The people who know me best—my friends and family, my current and former clients, former employers, and lawyers and judges with whom I regularly deal—know me as a passionate defender of the law and an aggressive advocate of my clients’ rights. Whether I am demanding the dismissal of an unconstitutional criminal charge against a homeless client who merely held up a sign to request food near a busy street intersection, or I am repeatedly demanding that a rural judge refer to a transsexual client by their assigned gender, or I am providing pro bono legal assistance to poor people who happen to be down on their luck, I do my job and do it as well as I can

In light of the recent relentless and unjustifiable vilification of me, as well as the mischaracterizations of who I am as a person, I have unilaterally made the decision to provide this clarification and to withdraw from politics. Yesterday, an attorney substituted in for me so as to continue representing Cameron Padgett for his federal lawsuits against the University of Cincinnati and the Ohio State University, and today I deleted my private Twitter profile and now am announcing that I will no longer serve in any capacity with the Foundation for the Marketplace of Ideas, Inc.—which was founded by a number of licensed attorneys and me in 2016 so as to promote the rights guaranteed by the United States Constitution. I will not be in attendance at the upcoming Michigan State University event—which will happen as a result of the recent successful and high-profile lawsuit I filed on behalf of my client—, nor will I attend FMI's upcoming Detroit conference where attendees will merely dine on appetizers and drink beverages from an open bar as they mingle.
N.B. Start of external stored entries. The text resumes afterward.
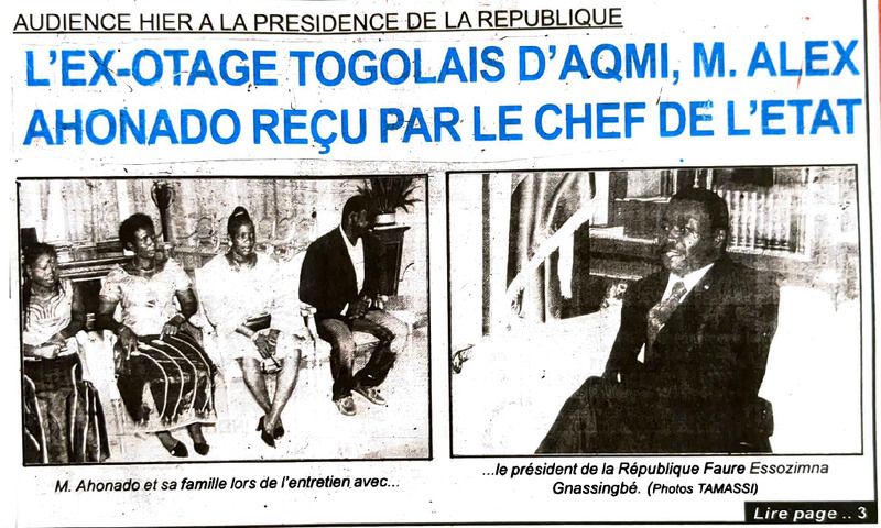 Audience hier à la présidence de la République : l'ex-otage togolais d'AQMI, M. Alex Ahonado reçu par le chef de l'Etat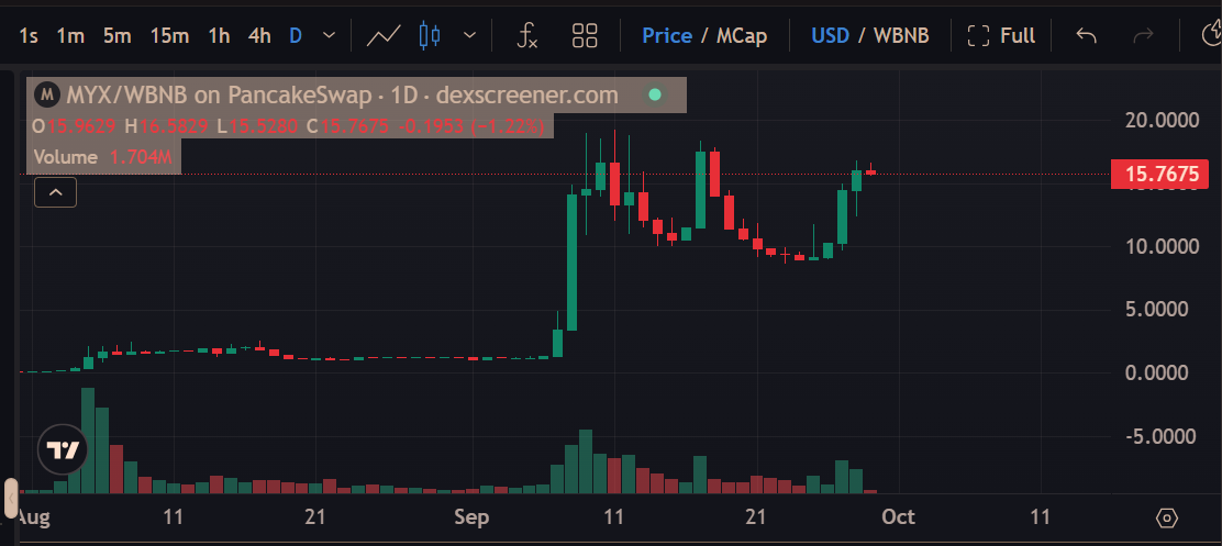 MYX currently has approximately 197 million in circulation, representing approximately 20% of the total. Within the "low circulation/high FDV" framework, unit price flexibility is significant. As long as new selling pressure is moderate (MYX airdrops are unlocked monthly) and market makers are willing to accept the offer, the price can remain high for extended periods.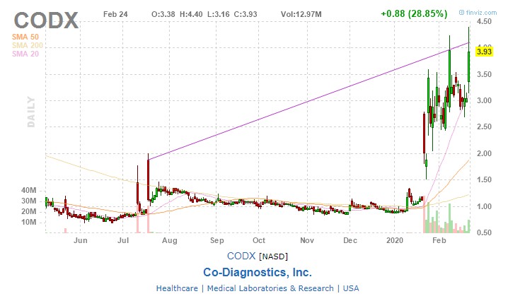 유타주 법인 Co-Diagnostics, Inc.는 분자 진단 테스트 개발을 위한 고유하고 독점적인 플랫폼을 가진 분자 진단 회사로, 새로운 첨단 진단 기술을 개발하고 제조하며 판매한다. 회사의 기술은 핵산 분자(DNA 또는 RNA)의 검출 및/또는 분석을 사용하여 설계된 시험에 활용된다. 회사는 또한 자신의 독점 기술을 사용하여 전염병이 아닌 다른 산업에서 사용할 유전자 표지를 찾고 특정 고객에게 이러한 테스트의 사용을 허가한다.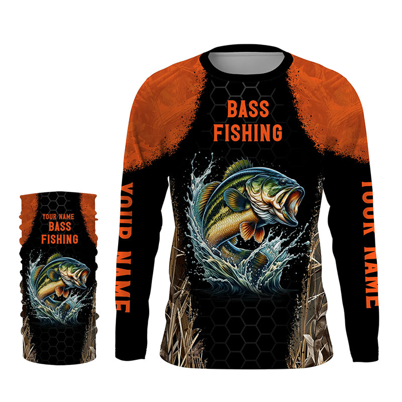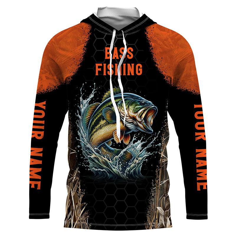 Personalized Bass Fishing apparel orange black sun Protection Bass Fishing Shirts custom Bass jerseys NQS3012

FMI will be transferred to the control of someone else to manage so its mission can be advanced, or else it will be dissolved.

In closing, I wish to relay that I abhor violence—of which I have never engaged and have always disavowed—, I regret having previously used language which is needlessly offensive, the characterizations made of me by the media are inaccurate, and I salute everyone who stands up for the rights that are guaranteed by the Constitution—no matter who is exercising those rights.

Although the media’s vilification of me prompted this statement, I nevertheless believe it is the morally right decision to make as I move forward in life.